The problem
Everything from the line with "Handwoven Shamballa bracelet" down to the line with "每个买家秀视频都会与一个特定" below must be printed exactly, those two lines included. Exclude pictures.

Provided material
::::::::

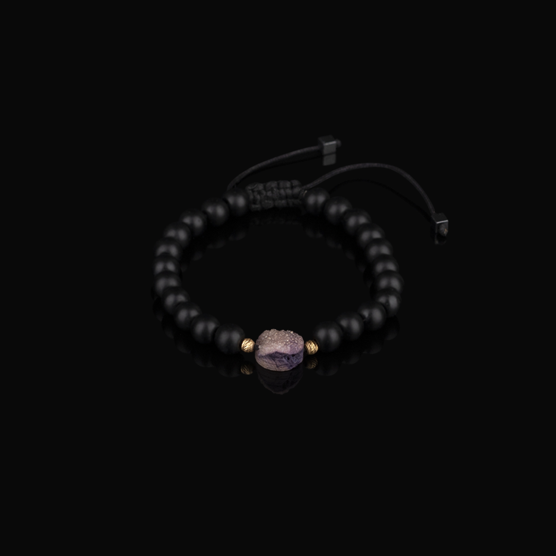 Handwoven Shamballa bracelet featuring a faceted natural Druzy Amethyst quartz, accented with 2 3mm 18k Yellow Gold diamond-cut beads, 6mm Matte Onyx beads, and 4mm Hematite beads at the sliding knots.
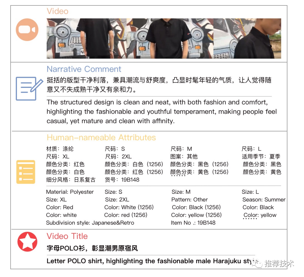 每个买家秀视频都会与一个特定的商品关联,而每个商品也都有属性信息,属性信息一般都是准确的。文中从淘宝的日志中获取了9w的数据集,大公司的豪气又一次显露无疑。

::::::::

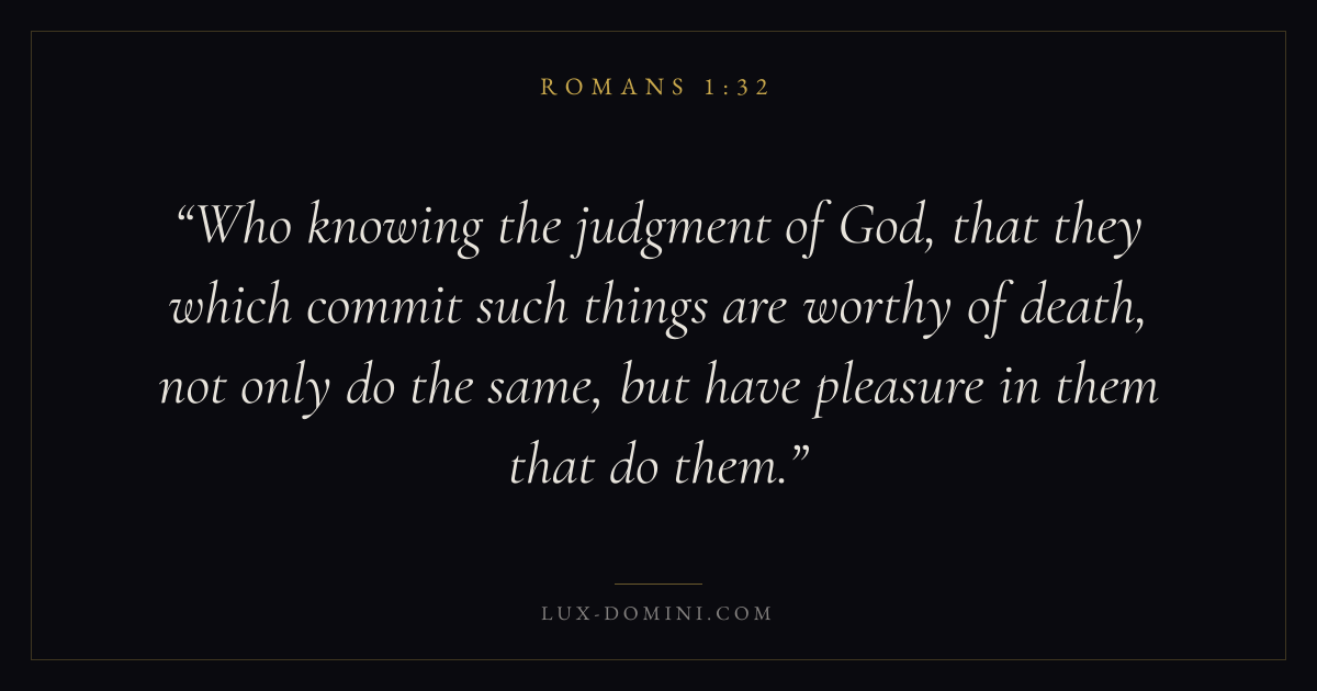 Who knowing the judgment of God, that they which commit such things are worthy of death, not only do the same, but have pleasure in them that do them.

::::::::

Written response
 Handwoven Shamballa bracelet featuring a faceted natural Druzy Amethyst quartz, accented with 2 3mm 18k Yellow Gold diamond-cut beads, 6mm Matte Onyx beads, and 4mm Hematite beads at the sliding knots.
 每个买家秀视频都会与一个特定的商品关联,而每个商品也都有属性信息,属性信息一般都是准确的。文中从淘宝的日志中获取了9w的数据集,大公司的豪气又一次显露无疑。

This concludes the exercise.